§ **Task details**
Each line below needs to be printed again exactly.

*** Begin section ***

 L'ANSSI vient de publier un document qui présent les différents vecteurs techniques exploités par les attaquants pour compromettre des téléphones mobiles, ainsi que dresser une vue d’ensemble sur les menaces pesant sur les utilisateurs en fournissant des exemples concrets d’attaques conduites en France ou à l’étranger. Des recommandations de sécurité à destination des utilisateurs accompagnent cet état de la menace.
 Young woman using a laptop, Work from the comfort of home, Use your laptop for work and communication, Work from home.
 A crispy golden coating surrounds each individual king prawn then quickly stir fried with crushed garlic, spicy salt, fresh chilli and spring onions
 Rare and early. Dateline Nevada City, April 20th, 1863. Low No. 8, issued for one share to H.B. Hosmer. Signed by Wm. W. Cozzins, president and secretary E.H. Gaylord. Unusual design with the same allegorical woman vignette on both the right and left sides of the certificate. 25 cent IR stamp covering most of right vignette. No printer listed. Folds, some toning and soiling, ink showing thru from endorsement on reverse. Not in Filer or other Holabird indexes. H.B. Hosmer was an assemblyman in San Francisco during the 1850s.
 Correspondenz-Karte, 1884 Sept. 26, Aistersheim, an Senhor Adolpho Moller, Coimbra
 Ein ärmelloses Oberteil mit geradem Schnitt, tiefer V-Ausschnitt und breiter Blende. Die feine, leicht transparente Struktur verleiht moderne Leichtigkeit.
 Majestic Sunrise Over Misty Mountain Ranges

*** End section ***

§ **Answer area**
 L'ANSSI vient de publier un document qui présent les différents vecteurs techniques exploités par les attaquants pour compromettre des téléphones mobiles, ainsi que dresser une vue d’ensemble sur les menaces pesant sur les utilisateurs en fournissant des exemples concrets d’attaques conduites en France ou à l’étranger. Des recommandations de sécurité à destination des utilisateurs accompagnent cet état de la menace.
 Young woman using a laptop, Work from the comfort of home, Use your laptop for work and communication, Work from home.
 A crispy golden coating surrounds each individual king prawn then quickly stir fried with crushed garlic, spicy salt, fresh chilli and spring onions
 Rare and early. Dateline Nevada City, April 20th, 1863. Low No. 8, issued for one share to H.B. Hosmer. Signed by Wm. W. Cozzins, president and secretary E.H. Gaylord. Unusual design with the same allegorical woman vignette on both the right and left sides of the certificate. 25 cent IR stamp covering most of right vignette. No printer listed. Folds, some toning and soiling, ink showing thru from endorsement on reverse. Not in Filer or other Holabird indexes. H.B. Hosmer was an assemblyman in San Francisco during the 1850s.
 Correspondenz-Karte, 1884 Sept. 26, Aistersheim, an Senhor Adolpho Moller, Coimbra
 Ein ärmelloses Oberteil mit geradem Schnitt, tiefer V-Ausschnitt und breiter Blende. Die feine, leicht transparente Struktur verleiht moderne Leichtigkeit.
 Majestic Sunrise Over Misty Mountain Ranges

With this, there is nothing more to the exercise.